Taylor Polynomial $\ln(1-x)$ Given $f(x) = \ln(1-x)$ centered at $0$, with $n = 0,1,2$:
Why is it that the first derivative (for $n=1$): $$\frac{d}{dx}(p(x)) = -x$$ in a Taylor Polynomial? The answer that I got was $$\frac{d}{dx}(p(x)) = 1$$
I got the right answer  for the second derivative $$\frac{d^2}{d^2x}(p(x)) = -\frac{x^2}{2}$$
Overall the final Taylor polynomial is: 
$$-x-\frac{x^2}{2}$$ 
I got: $$x-\frac{x^2}{2}$$
Where exactly is that negative coming from?
 A: You can derive this without the use of derivatives, 
$$
\frac{1}{1-x}=\sum_{n=0}^\infty x^n
$$
for $|x|<1$. 
Then integrating 
we find 
$$
-\ln(1-x)+C=\sum_{n=0}^\infty \frac{x^{n+1}}{n+1}
$$
where the negative came from the substitution $u=1-x$ in the integral.

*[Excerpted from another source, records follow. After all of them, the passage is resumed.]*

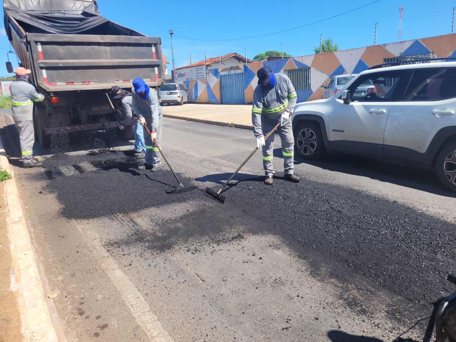 Outras duas equipes executam o tapa-buracos nos bairros Pedregal e Renascer, Jardim Mariana e na Av. General Melo, com início dos trabalhos atrás do Atacadão.
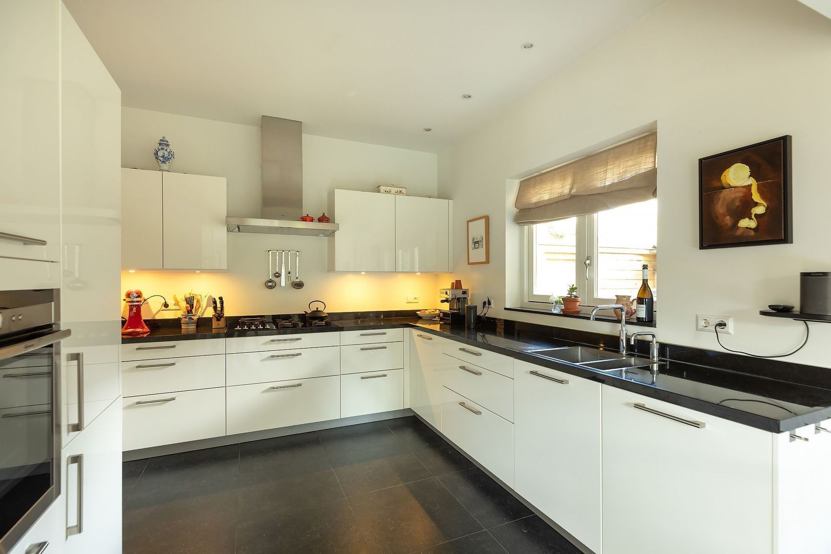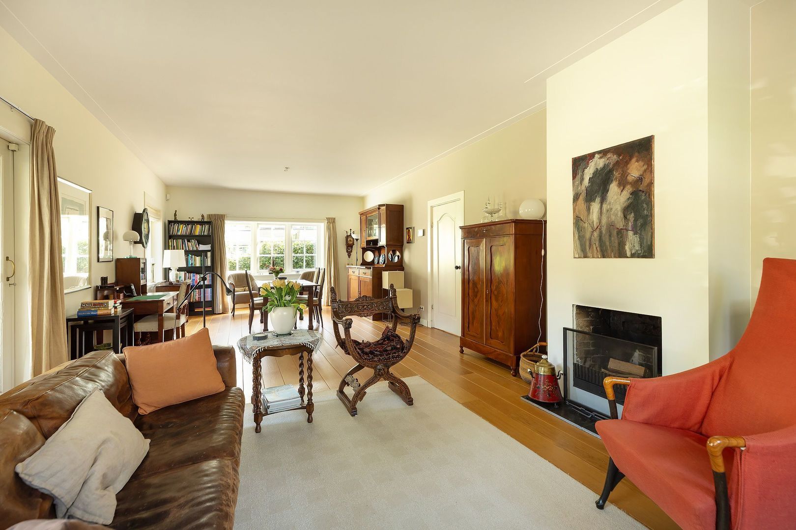 Overdekte entree, royale hal v.v. eiken parket, garderoberuimte v.v. hardstenen vloertegels, modern toilet v.v. wandcloset en fontein, fraai trappenhuis met bordestrap, deur naar m.k. en stahoge wijn-/provisiekelder met koekoek, ruime, sfeervolle en lichte woonkamer v.v. eiken parket, paneeldeuren, ramen met roeden verdeling, open haard en schuifdeur naar loggiaterras, luxe woonkeuken (2015) v.v. granieten blad, inbouwapparatuur; 90 cm brede gaskookplaat, RVS afzuigschouw (NOVY), vaatwasser (MIELE) oven/grill (NEFF) koelkast/vriezer LIEBHERR, hardstenen vloertegels v.v. vloerverwarming (via CV), eetkamer-gedeelte, deur naar veranda en openslaande deuren naar de achtertuin. Vanuit de veranda: deur naar inpandige berging.
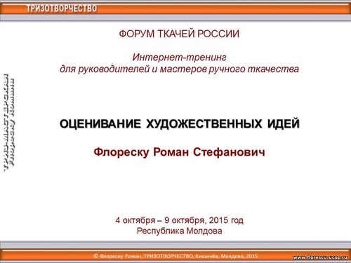 | © Roman Florescu, TRIZOTVORCESTVO, Republica Moldova, 2008-2026 При использовании любых материалов сайта ссылка на источник обязательна. Для коммерческого использования информации сайта необходимо разрешение автора. Все опубликованные материалы охраняются Законом об авторском праве и смежных правах Республики Молдова, международными договорами и другими нормативными актами » |
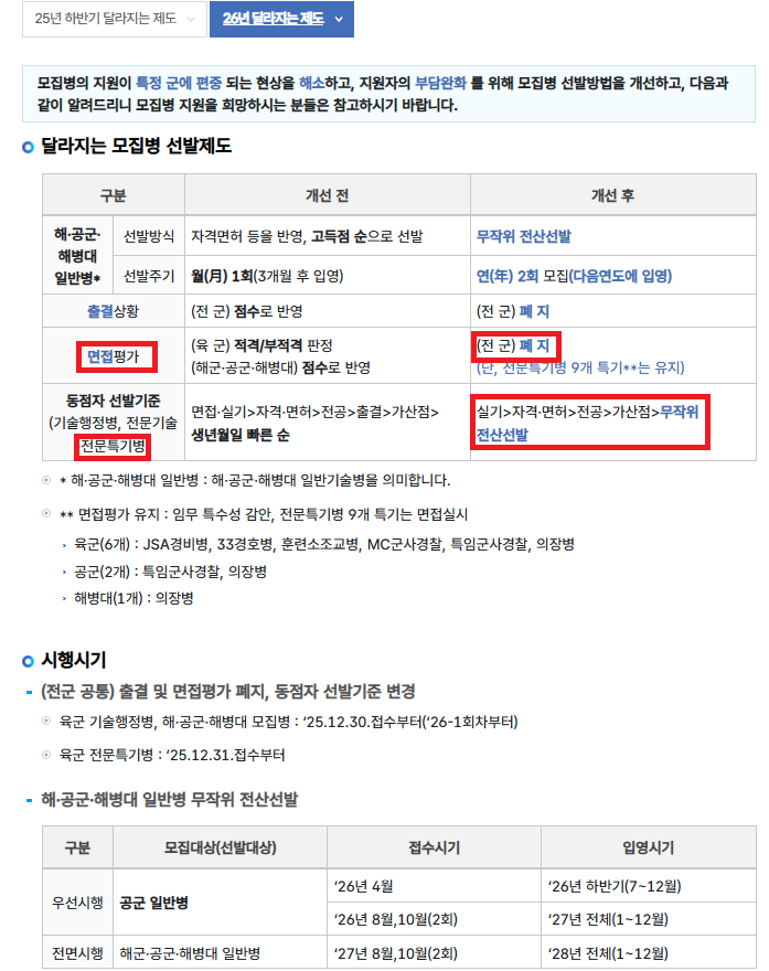 이와 함께 전군 모집병 선발에서 고교 출결 상황 점수 반영을 폐지하고, JSA경비병과 의장병 등 일부 전문특기병을 제외한 전군 모집에서 면접 평가도 없애기로 했다.
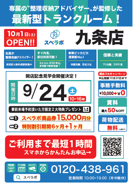 当社の大人気トランクルーム【スペラボ】は、新築で清潔感があり、地域最安値、専属の整理収納アドバイザー監修店舗。大変利用しやすいとご評価頂いております!136店舗(開業予定含む)3500室超を運営中!!
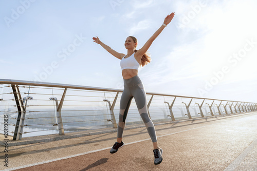 Obraz premium Sportive happy lady jumping up on foot bridge
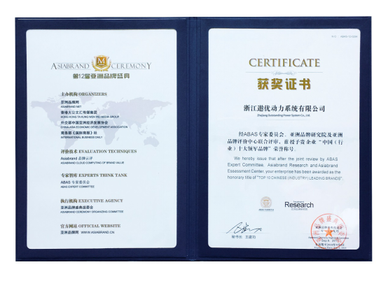 2017年9月9日,“第12届亚洲品牌盛典”在香港嘉里酒店隆重举行。浙江遨优动力系统有限公司被评为中国高能锂电十大领军品牌。
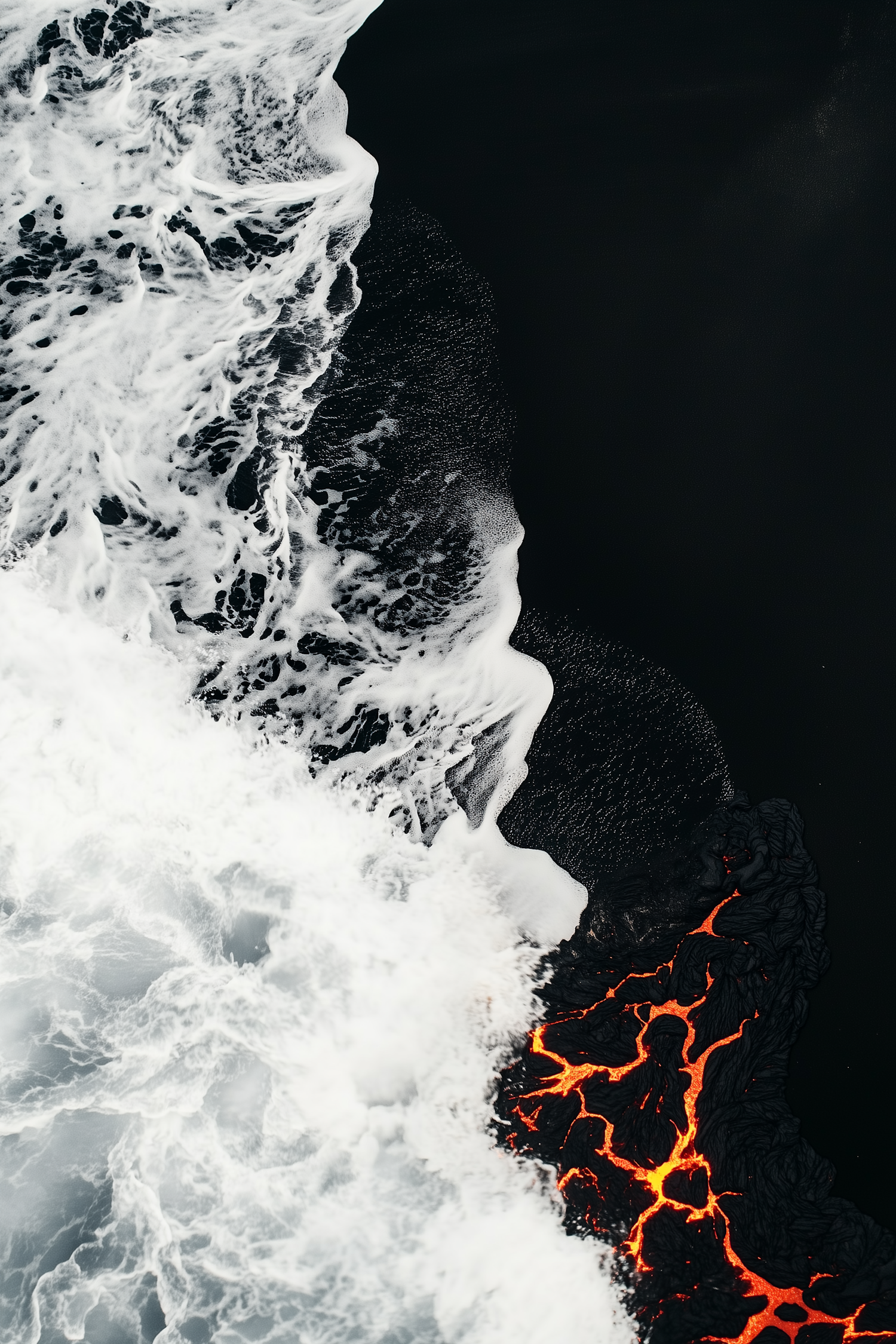 Aerial view of ocean waves meeting vibrant orange lava, creating a striking contrast of elements and colors.

Plugging in $x=0$ we find 
$$
C=0
$$
so putting it all together we have 
$$
\ln(1-x)=-\sum_{n=0}^\infty \frac{x^{n+1}}{n+1}
$$
A: Considering $y = 1-x$ by the chain rule we have
$$ f'(x) = \frac{d}{dx}[\ln(y)] = \frac{d}{dy}[\ln(y)] \frac{dy}{dx} = \frac{1}{y} (-1) = - \frac{1}{1-x} = \frac{1}{x-1} $$
That's where the negative comes from.
A: \begin{align}
\int\frac{du}{u-1} = {} & \log\left| u-1 \right| + C \\[10pt]
= {} & \log(1-u) + C \text{ if $ u$ is near $1$} \\
& \text{since in that case, $u-1$ is negative.} \\[10pt]

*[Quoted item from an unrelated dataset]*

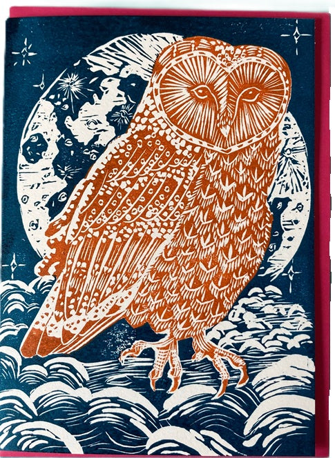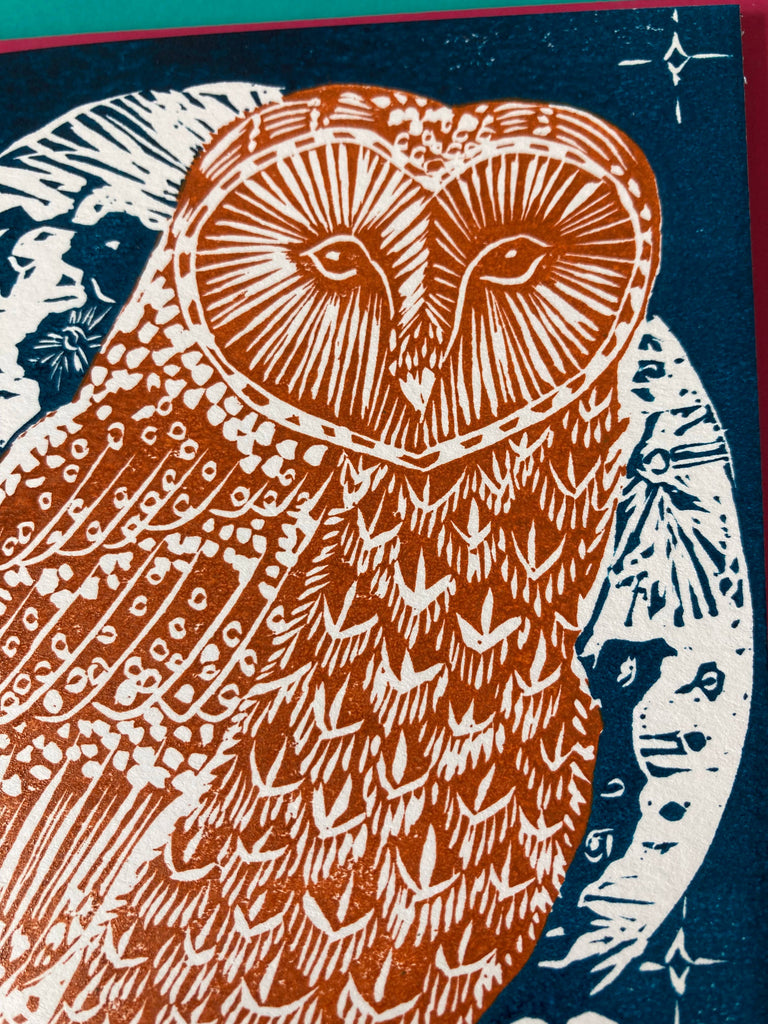 This original hand designed and block printed card is of an owl backlit by a large full moon.
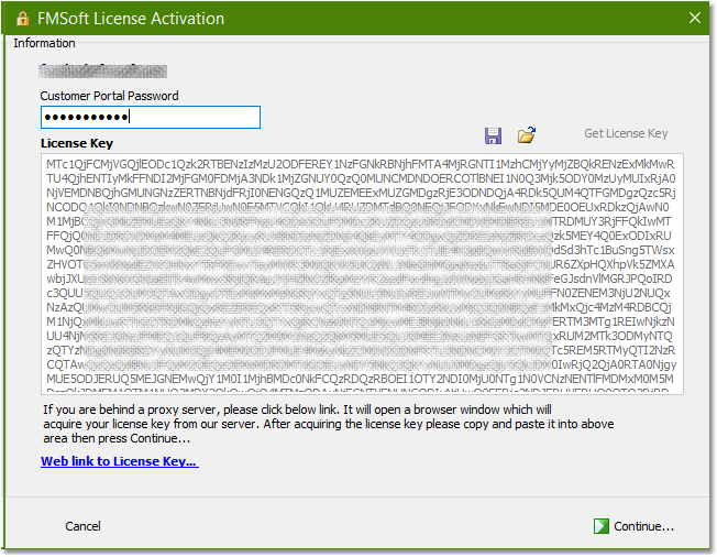A partir da versão 0.99.95, as chaves de licença são obtidas diretamente de um servidor de ativação. Você pode obter sua chave de licença inserindo sua senha e pressionando o botão Obter Chave de Licença. Isso preencherá a área Chave de Licença com a chave apropriada. Alternativamente, você pode clicar no link azul "Web link to license key..." que abrirá uma página do navegador contendo sua chave. Você pode colar a chave na área Chave de Licença.

\text{So } \int_0^x \frac{du}{u-1} & = \log(1-x) - \log(1-0) = \log(1-x).
\end{align}
Thus we have
\begin{align}
\log(1-x) & = \int_0^x \frac{du}{u-1} = \int_0^x \left( -1-u - u^2 -u^3 -u^4 - \cdots \right) \,du \\[10pt]

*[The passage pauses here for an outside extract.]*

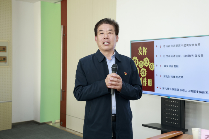 张向东以《二十届三中全会经济体制改革的五条主线》为主题,从“深刻领会三中全会《决定》精神实质”“深化经济体制改革的五条主线及相关举措”“推进教育、科技、人才'三位一体'协同融合发展”几个部分进行深入解读。他指出,经济体制改革对其他方面改革具有重要影响和传导作用,重大经济体制改革的进度决定着其他方面很多体制改革的进度,具有牵一发而动全身的作用。在经济体制改革的五条主线中,我们要坚持市场在资源配置中起决定性作用这一基本改革取向下,重点通过深化财税体制和民生保障体系这两个基础性改革,实现创新驱动和城乡融合发展这两个未来迈向中国式现代化的基本路径。
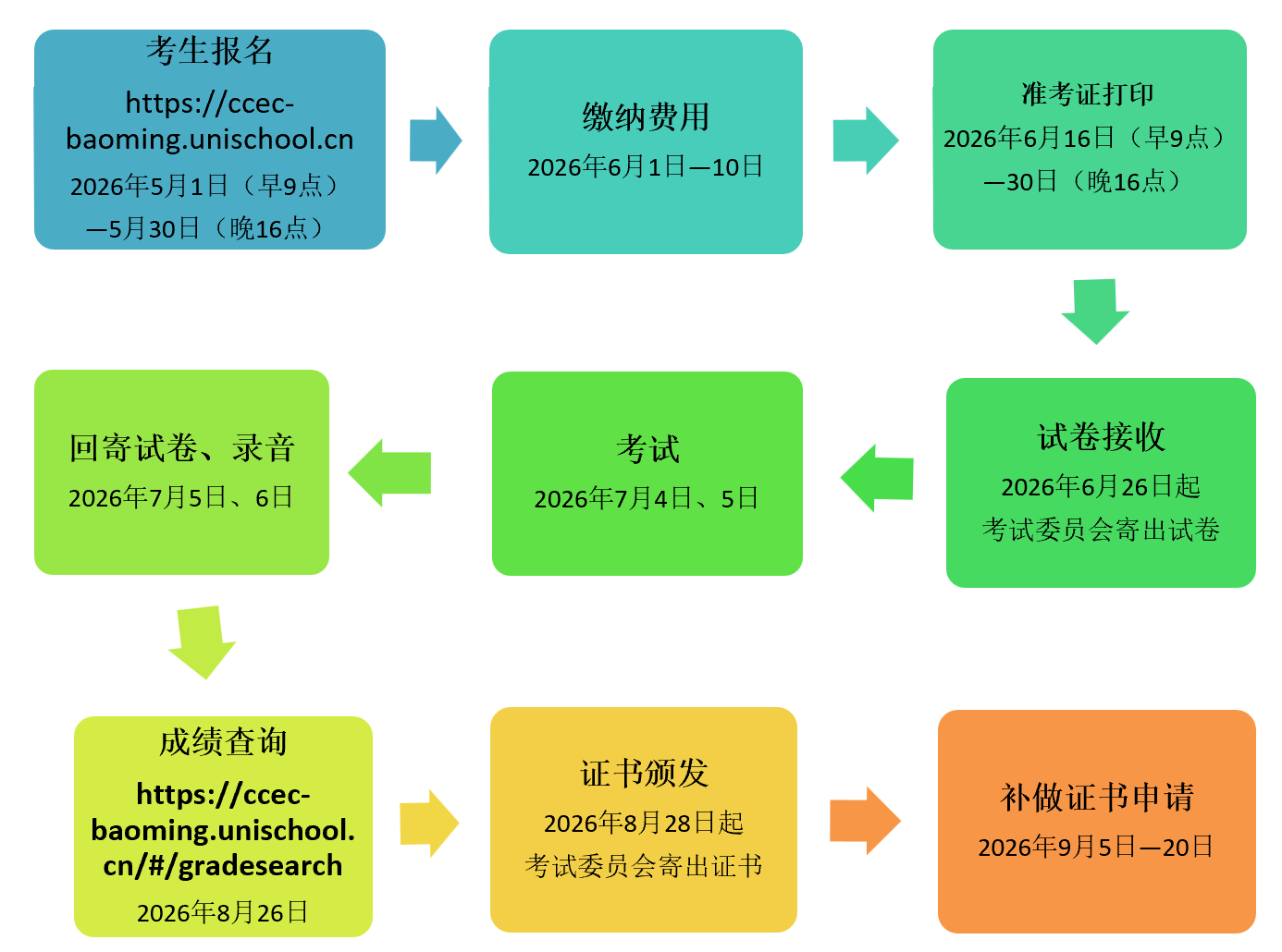 考点向网上报名系统录入信息时间:2026年5月6日(早9:00起)—5月30日(晚16:00止)

& = \left[ -u -\frac {u^2} 2 - \frac{u^3} 3 - \frac {u^4} 4 - \cdots \right]_{u\,:=\,0}^{u\,:=\,x} = -x-\frac{x^2} 2 - \frac{x^3} 3 - \frac {x^4} 4 - \cdots
\end{align}
The series on the right above, and the function on the left above, should be equal in the values of their $n$th derivatives for $n=0,1,2,3,\ldots\,.$